Exercise requirements:
Leaving out every picture, copy the lines of the material below exactly, from the line containing "Notre équipe débute" through the line containing "Inspiriert von den".

Records for this task:
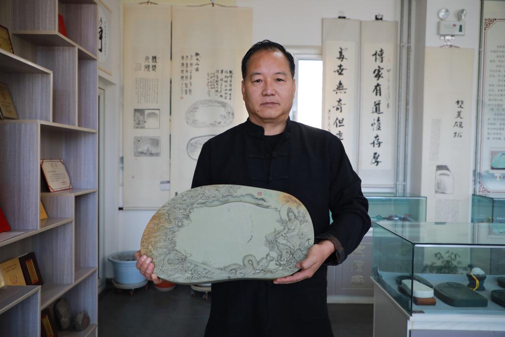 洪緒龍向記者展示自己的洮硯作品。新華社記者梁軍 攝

---

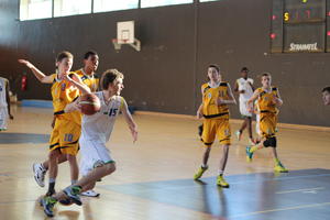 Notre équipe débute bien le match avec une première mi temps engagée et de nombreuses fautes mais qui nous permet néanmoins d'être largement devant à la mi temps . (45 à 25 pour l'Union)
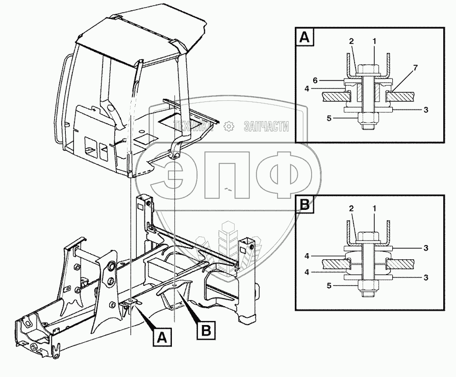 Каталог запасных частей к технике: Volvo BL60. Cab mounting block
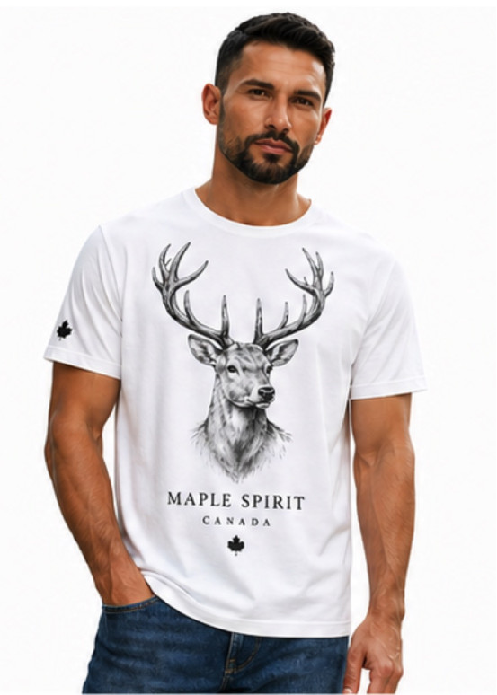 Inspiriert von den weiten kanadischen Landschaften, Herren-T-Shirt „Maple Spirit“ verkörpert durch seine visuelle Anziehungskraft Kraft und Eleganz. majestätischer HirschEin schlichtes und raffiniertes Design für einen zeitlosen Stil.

Written answer:
 Notre équipe débute bien le match avec une première mi temps engagée et de nombreuses fautes mais qui nous permet néanmoins d'être largement devant à la mi temps . (45 à 25 pour l'Union)
 Каталог запасных частей к технике: Volvo BL60. Cab mounting block
 Inspiriert von den weiten kanadischen Landschaften, Herren-T-Shirt „Maple Spirit“ verkörpert durch seine visuelle Anziehungskraft Kraft und Eleganz. majestätischer HirschEin schlichtes und raffiniertes Design für einen zeitlosen Stil.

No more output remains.